Die Besucher haben sich einen Rhythmus angeeignet, der doch stark an Ebbe und Flut erinnert. Bei jedem Auftritt auf der großen Bühne wogt das Publikum in das Zentrum des Geländes und schwappt kraftvoll an den Bühnenrand. Dann, wenn die letzten Töne von Fischer-Z oder 10cc verklungen sind, zieht sich das Publikumsmeer wieder zurück und verteilt sich erneut über das Gelände.

Musikalisch ist das Festival deutlich statischer, die kurzen Ausflüge in Heavy und Soul werden von dominantem Rock überlagert. Fischer-Z ist zwar deutlich "beswingter" als Mother's Finest, lassen aber nur sehr portioniert ein paar Tropfen Reggae einfließen und unterhalten auch mit bissigen Sprüchen ("Können wir Angela Merkel gegen unseren Boris Johnson austauschen"). Auch bei 10cc kommen kurz Bob-Marley-Rhythmen aufs Parkett, dann geht es eher Richtung Toto, wenn die Band beim Refrain mit harmonischem Chorgesang überzeugt. In ihrer Zugabe versteckt sich schließlich ein kleines Highlight, als die fünf Musiker sich vor dem eigentlichen Schlusslied kurz in einem Kreis zusammen stellen und fingerschnippend a cappella singen.
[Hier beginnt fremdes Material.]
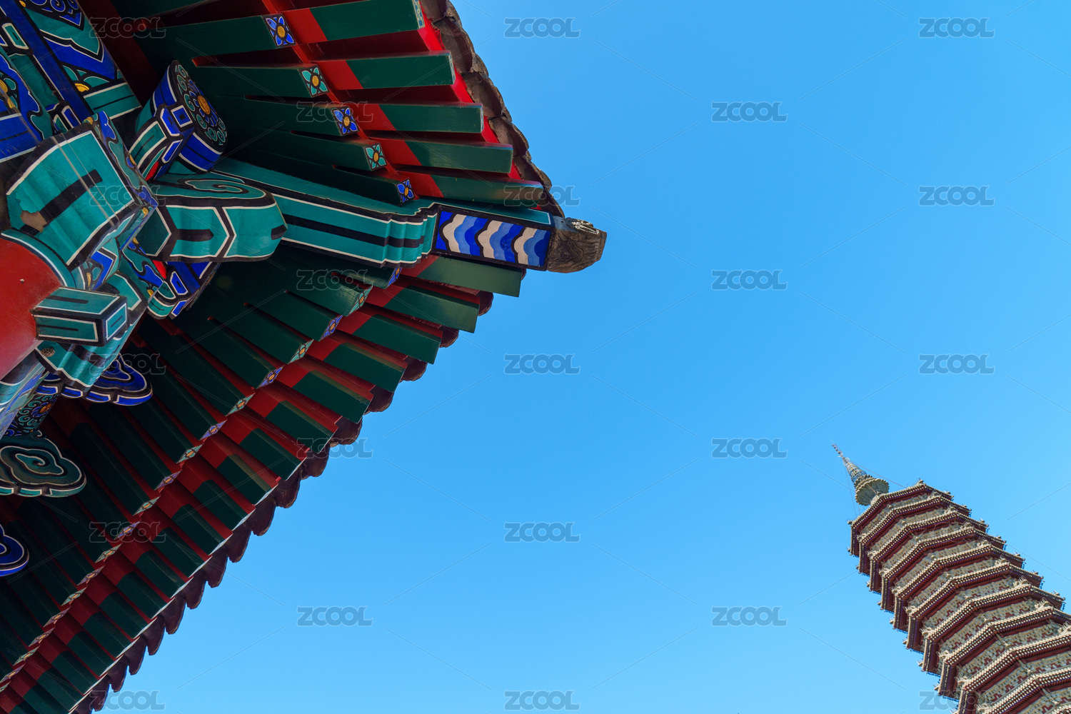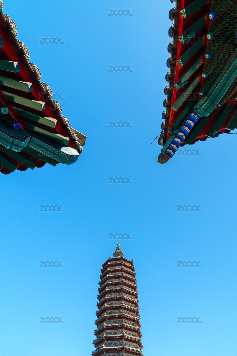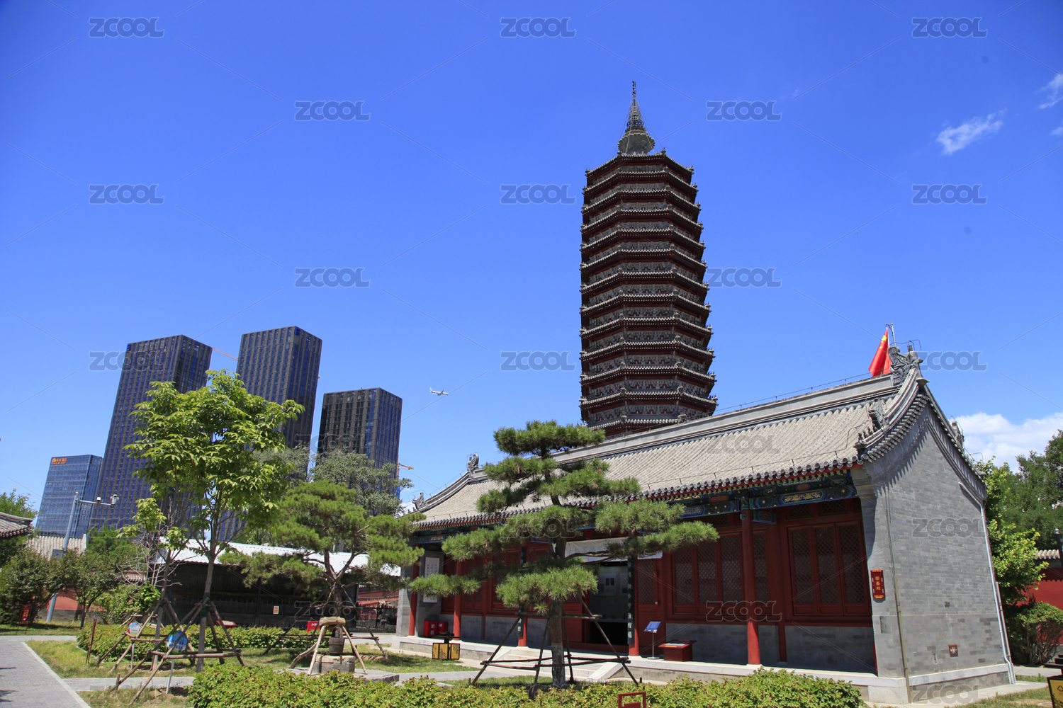 通州三教廟殿宇屋檐與燃燈塔藍天下的構(gòu)圖
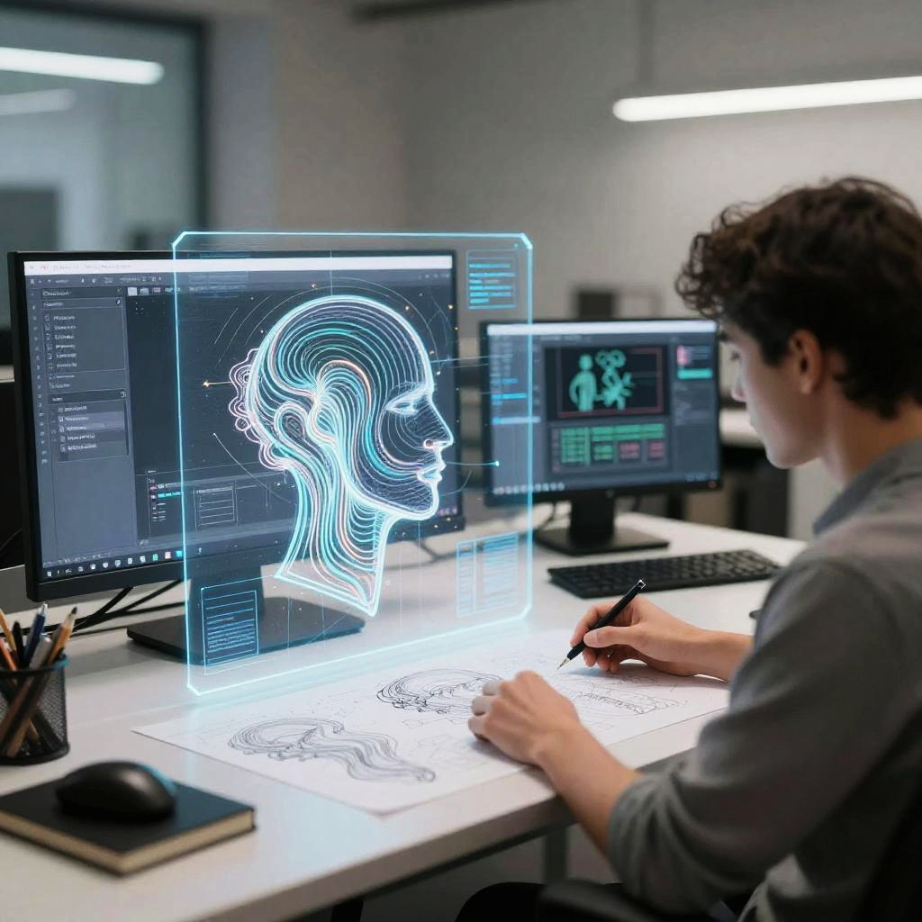 Photograph of a person's hand using a wooden pen to draw on a white sheet of paper, covered with a vibrant, abstract, multi-colored ink design. The hand is in the right foreground, while the detailed drawing features swirling patterns in blue, orange, and red. In the background, a semi-transparent digital interface with bright, glowing blue star-like icons overlays the paper, adding a futuristic touch. The interface has colorful rectangular bars and text, slightly blurred. The person's face is out of frame, and the setting appears to be a studio or workspace with soft, diffused lighting.

Als sich nach über zwei Stunden kurz wieder die Sonne blicken lässt, stehen gerade Gotthard auf der Bühne. Die Schweizer Hardrocker sprühen nur so vor Energie und guter Laune, wenn Frontsänger Nic Maeder von Ex-Freundinnen, die Autos demolieren, erzählt und nicht müde wird, das Publikum zum Mitklatschen zu animieren.

Wabernd bewegt sich schließlich eine schummrige Masse vor der grell beleuchteten Bühne, als sich die Dunkelheit endgültig über das Festivalgelände am Brombachsee gelegt hat. "Das sieht wirklich toll aus von hier oben", ruft Wolfgang Niedecken von der Bühne ins Publikum. "Ganz hervorragende Handarbeit." Der Frontsänger von BAP markiert den Höhepunkt und gleichzeitig das Ende von "Lieder am See", einem Festival, das viel mehr als ein lauschiger Lagerfeuerabend und doch entspannend ist - Urlaub eben, mit einer guten Prise Bühnenrock.